In looking through the dozens of regulatory filings being made by BrainChip, they appear to be responding to regulatory inquiries in a timely fashion. In recent cases, they put in place caveats that explain no guarantee of revenues is given with their partnership press releases.
Back in 2016, an extremely favorable article was posted by the Australian Financial Review which resulted in the share price increasing such that trading was halted. BrainChip responded with a letter explaining that the article made all kinds of false statements about their potential. While the letter talks up all their “opportunities,” it clearly states, “there is no guarantee the trial deployments will result in material commercial arrangements.” That’s for sure.
Companies like BrainChip understandably support their operations by continuing to issue shares which dilutes existing shareholders. Today, the company has a market cap of over $400 million USD with over 1.5 billion shares outstanding.

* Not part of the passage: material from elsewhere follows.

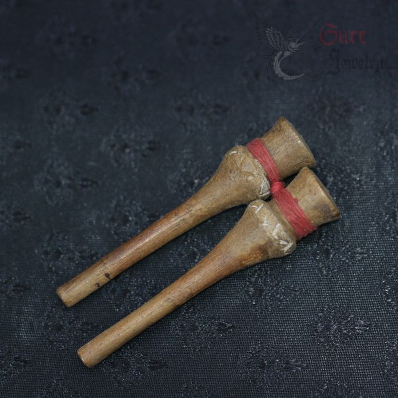 RARITY: SCARCE SURVIVING EXAMPLE OF LONG KAREN WOODEN EAR PLUGS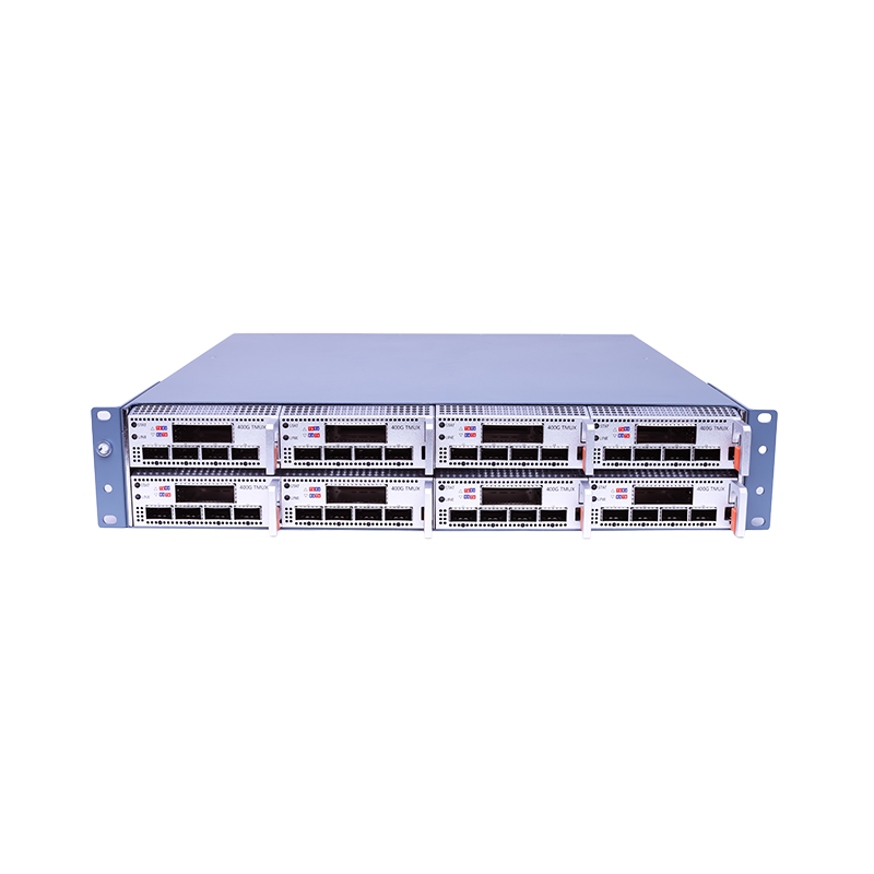 Compact 1U chassis (3.2T) ideal for space-constrained metro node deployments requiring high-density service aggregation with forward/rear air cooling.

One of their many share sale prospectuses clearly spells out the risk of the company not being able to secure technology partners – ones that give them money that is.
As we’ve said before, it doesn’t really matter if the management team is well-intentioned or not. The outcome is still the same for investors who ignore red flags and choose to “invest” in companies that can’t manage to validate their technology through meaningful revenue streams and eventually run out of steam.
So far, an investment in BrainChip shares has been an investment in lots of promise and little substance. As for the recent share price surge, if you want to speculate, go to Vegas. You’ll enjoy losing your money there a whole lot more. If you really want to invest in AI chips, have a look at NVIDIA or Synopsys.
As for anyone who thinks about trying to play the short game, think twice. The irrationality of the YOLO herd will far exceed your margin limits. Ignore this noise and focus on companies with traction. Promising press releases and 5 AUD won’t get you a cup of coffee at Gloria Jean’s these days.